Like Blake too, Redon refused to define and delimit his art, insisting that his role was to "open a small door onto mystery." Like Mallarmé, his art "suggests, instead of defining."

The exhibition illuminates how one artist spent decades exploring the color black, hibernating, as it were, until he finally emerged like a butterfly from the cocoon, like flowers from buds, or a baby from the womb. These were Redon's own images of color and light, as well as darkness. "Black," he once said, is the "color of youth." He, like Monet, in his later years, "did not go gentle into that good night," but used brilliant colors, in his rage against "the dying of the light."

"Beyond the Visible: The Art of Odilon Redon" is on view at the Museum of Modern Art (11 West 53rd Street) through January 23. Hours are Wednesday-Monday, 10:30 a.m.-5:30 p.m.; Friday, 10:30 a.m.-8 p.m. The museum is closed on Tuesday. Admission for Juilliard students with an ID is free at all times. (On Friday from 4-8 p.m., it is free for everyone.)

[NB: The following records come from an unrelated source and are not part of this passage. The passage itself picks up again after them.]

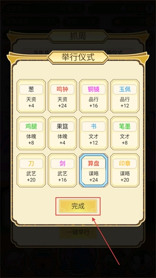 2、抓周仪式中,可以选择【鸣钟】【铜镜】等物品提升对应属性,选后点击完成确认操作。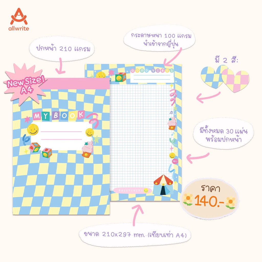 ☁️ สมุดโน๊ตเล่มเล็ก ขนาด 210x297 MM (เทียบเท่า A4)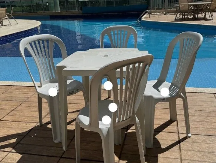 Conjunto de mesa de plástico perfeito para áreas externas como varandas e jardins. Resistente e fácil de limpar, ideal para momentos de lazer e refeições ao ar livre.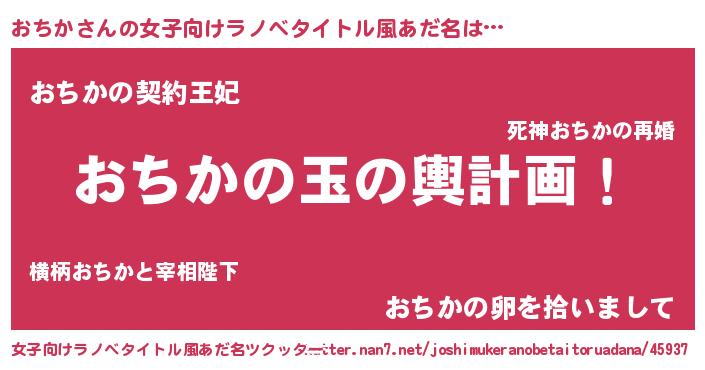 | 男性向けラノベタイトル風あだ名 | 『おちか~年齢イコール彼女いない歴の魔法使い~』 |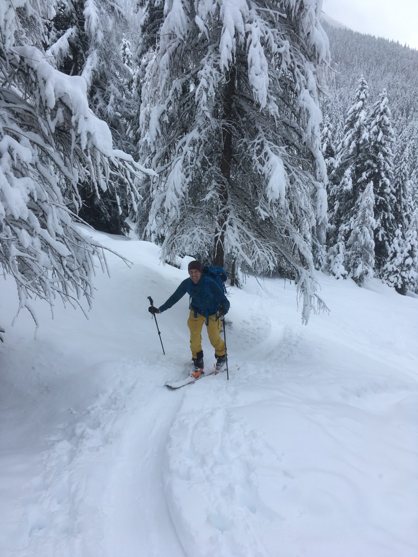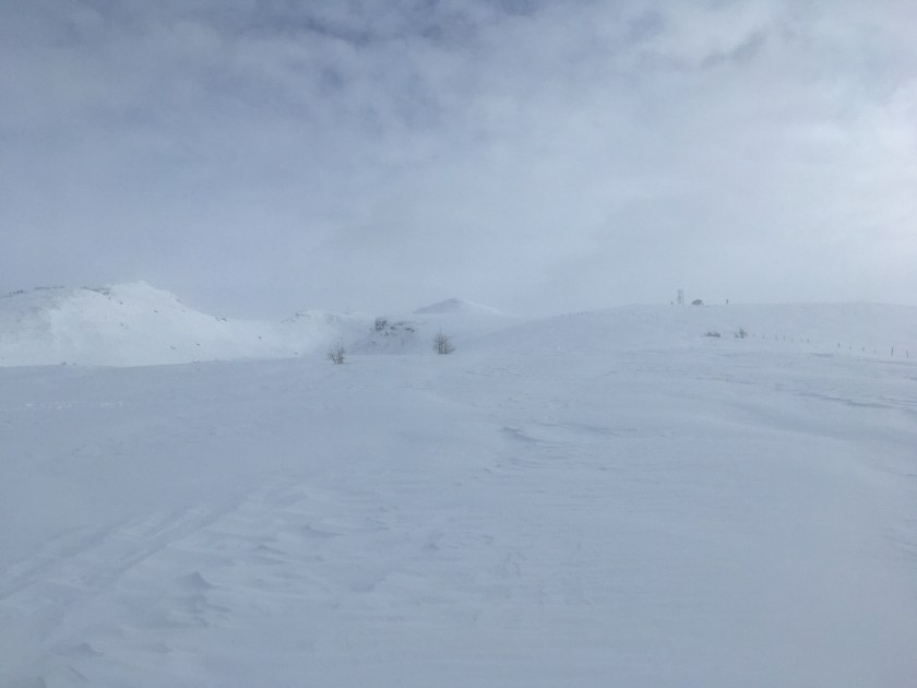 Heute mit gutem, etwas schwerem Pulver bis kurz nach der Hütte. Oben durch Südwestwind gepresst aber gut zu gehen.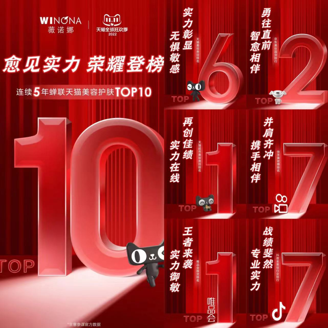 在剛剛結(jié)束的雙11,薇諾娜位居天貓美妝類(lèi)目排名TOP6,并且連續(xù)5年蟬聯(lián)天貓美容護(hù)膚TOP10。同時(shí),薇諾娜雙11全網(wǎng)的成績(jī)也十分出彩,唯品會(huì)TOP1、京東TOP2、快手、抖音平臺(tái)TOP7。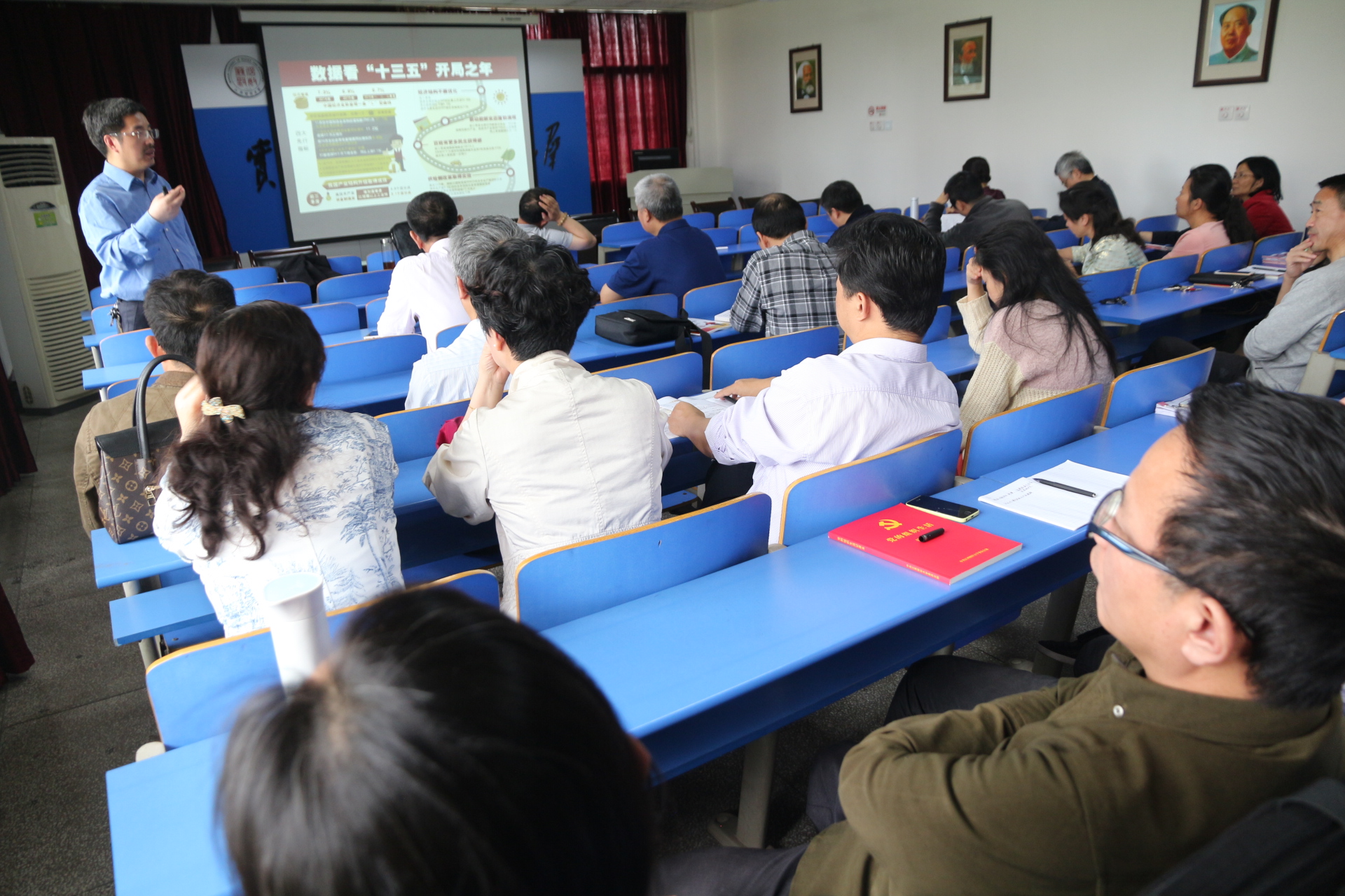 蒋校长的党课格局大、眼界宽、接地气、有见地,历时两个半小时,全体教职员工始终认真听讲,认真做笔记,都感觉深受启发,收益良多,很有体会,纷纷表示一定把蒋校长党课上大量引人入胜的信息、案例和数据带进课堂,进一步提升马克思主义信仰教育的亲和力和针对性,为全面提升我校教学水平做出更大贡献。(文图/唐海燕 刘柯)

NOTE: A special program of French songs and poetry related to Redon will be offered on Saturday, December 3, from 2-4 p.m. in the museum's Titus Theater 2. Three Juilliard singers and two pianists will be among the performers (Brenda Rae, Michael Kelly, and Sasha Cooke, as well as Paul Kwak and Yewon Lee). It is free of charge, with museum admission (which is free for Juilliard students).

Art historian Greta Berman has been on the liberal arts faculty since 1979.